EARNINGS PER COMMON SHARE COMPUTATIONS
(Dollars in millions, except per share amounts; shares in thousands)
 Three months ended March 31,
 20262025
Sempra:
Numerator:  
Earnings attributable to common shares$1,037 $906 
Denominator:  
Weighted-average common shares outstanding for basic EPS(1)
653,589 651,992 
Dilutive effect of common shares sold forward482 — 
Dilutive effect of stock options and RSUs(2)
1,417 1,026 
Weighted-average common shares outstanding for diluted EPS655,488 653,018 
EPS:
Basic$1.59 $1.39 
Diluted$1.58 $1.39 
(1)    Includes 385 and 516 fully vested RSUs held in our deferred compensation plan in the three months ended March 31, 2026 and 2025, respectively. These fully vested RSUs are included in weighted-average common shares outstanding for basic EPS because there are no conditions under which the corresponding shares will not be issued.
(2)    Due to market fluctuations of both Sempra common stock and the comparative indices used to determine the vesting percentage of our total shareholder return performance-based RSUs, which we discuss in Note 14 of the Notes to Consolidated Financial Statements in the Annual Report, dilutive RSUs may vary widely from period-to-period.
The potentially dilutive impact from stock options and RSUs is calculated under the treasury stock method. Under this method, proceeds based on the exercise price and unearned compensation are assumed to be used to repurchase shares on the open market at the average market price for the period, reducing the number of potential new shares to be issued and sometimes causing an antidilutive effect. The computation of diluted EPS for the three months ended March 31, 2026 and 2025 excludes 561,740 and 522,283 potentially dilutive shares, respectively, because to include them would be antidilutive for the period. However, these shares could potentially dilute basic EPS in the future.
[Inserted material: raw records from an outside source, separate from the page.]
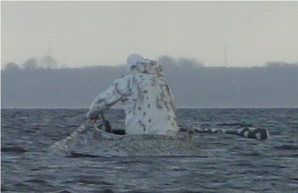
Langelænder i sit rette element en overskyet vinterdag på en dansk fjord.

Langelænderen i en anvendelig udgave er ikke længere i produktion og brugte pramme er vanskeligt at opdrive.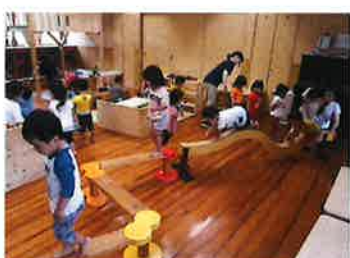
平均台やトランポリン遊び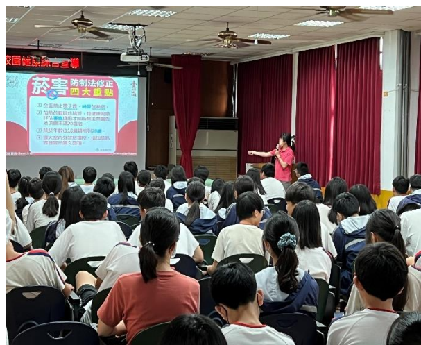
辦理菸檳防治宣導講座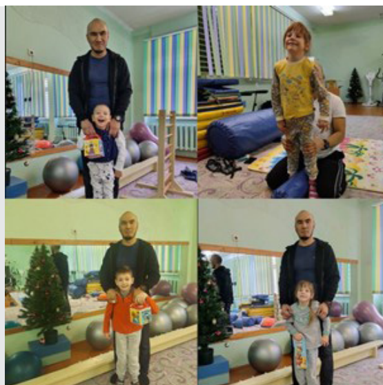
г. Усть-Илимск. Помощь рядом.

Работа с сообществами «Близкие люди» (близкие и по проблемам, и по задачам, которые лучше решать сообща) организована под патронажем фонда и с участием приглашенных специалистов в 10 МО Иркутской области: гг. Ангарск, Иркутск, Саянск, Усть-Илимск, Усолье-Сибирское; районы Балаганский, Иркутский, Слюдянский, Нукутский, Шелеховский.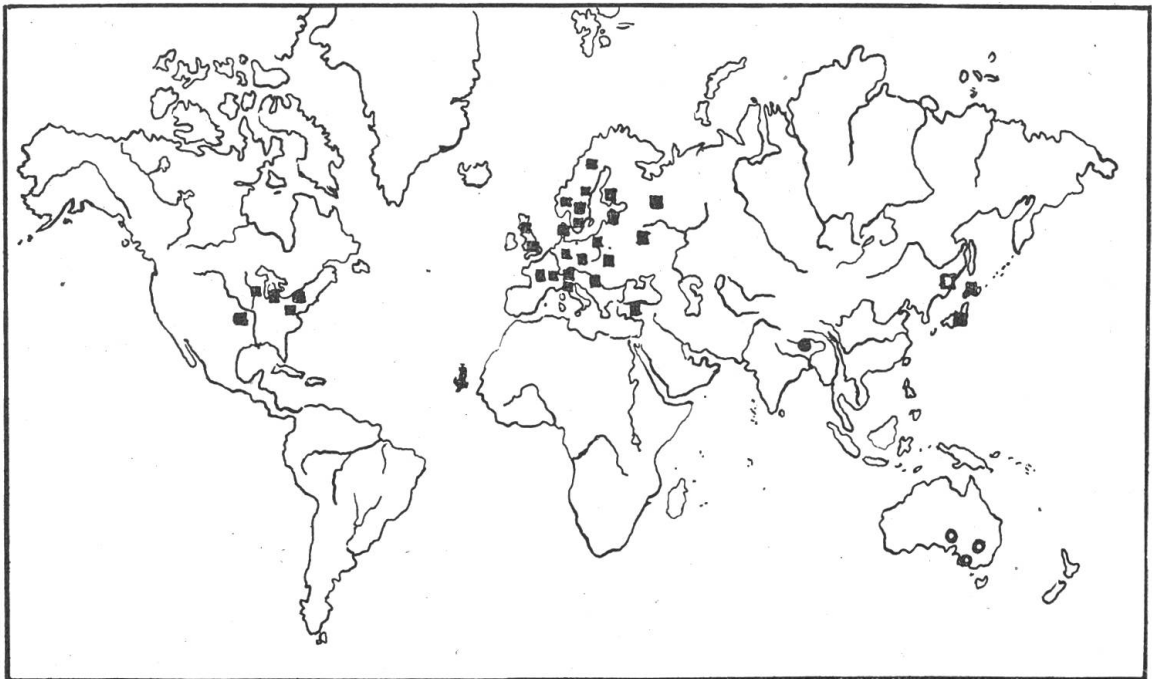
Fig. 1. Verbreitungskarte der vier Rozites-Arten.

Verbreitung: Gemäßigte Zone der nördlichen Hemisphäre (Sekt. Caperatae), bzw. in den Gebirgslagen des Himalaja und in der subtropischen Zone der südlichen Hemisphäre (Sekt. Australienses). (Vgl. Fig. 1.)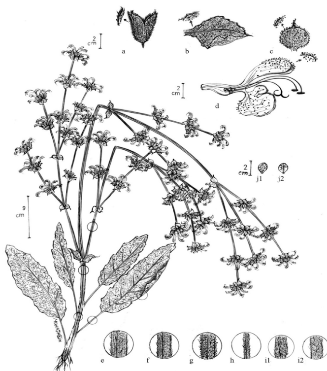
شکل ۱. شکل رویشی سالویا آتروپاتانا (۸۴): (a) کاسه‌گل، (b) برگ گل آذینی، (c) براکته، (d) جام گل، (e) قاعده ساقه، (f) بخش فوقانی ساقه، (g) محور گل آذین، (h) دم‌برگ، (i1) سطح فوقانی برگ، (i2) سطح تحتانی برگ، (j1، j2) فندقه (مؤلف مقاله)

تعداد گل در هر چرخه از محور گل آذین ۶-۷ گل، دم‌گل ۲ تا ۳/۵ میلی‌متر و تنها شامل پوشش مودار و کم و بیش زیر است.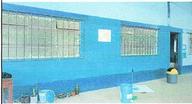
Foto No. 1, Módulo No. 1. Pintura de muros interiores y exteriores.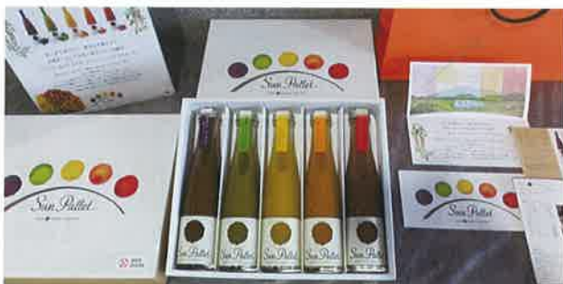
最優秀賞を受賞した有限会社大地の 「大地のミニトマトジュースSun pallet」

審査員からは、「県内の農産物の特長を上手く活かした加工品が揃っていた。1次加工で原料を確保し、周年加工に取り組んで欲しい。正確で適正な食品表示はさらに留意して欲しい。」等の講評がありました。今後、加工品製造・販売活動等に頂いた講評を活かしたレベルアップが期待されます。(入賞品一覧は裏表紙参照)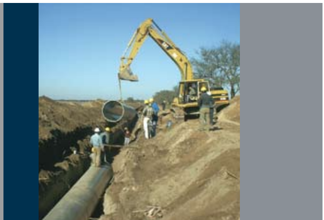
Acueducto Río Colorado, La Pampa Argentina Río Colorado Aqueduct, La Pampa, Argentina

The potentially dilutive impact from the forward sale of our common stock pursuant to the forward sale agreements that we discuss above is reflected in our diluted EPS calculation using the treasury stock method. We anticipate there will be a dilutive effect on our EPS when the average market price of our common stock shares is above the applicable adjusted forward price, subject to increase or decrease based on the overnight bank funding rate, less a spread, and subject to decrease by amounts related to expected dividends on shares of our common stock during the term of the forward sale agreements. Additionally, if we decide to physically settle or net share settle the forward sale agreements, delivery of our shares to the forward purchasers on any such physical settlement or net share settlement of the forward sale agreements would result in dilution to our EPS.
In January 2026, pursuant to Sempra’s share-based compensation plans, the Compensation and Talent Development Committee of Sempra’s board of directors granted 568,052 nonqualified stock options, 435,890 performance-based RSUs and 181,488 service-based RSUs.
We discuss share-based compensation plans and related awards and the terms and conditions of Sempra’s equity securities further in Notes 13 and 14 of the Notes to Consolidated Financial Statements in the Annual Report.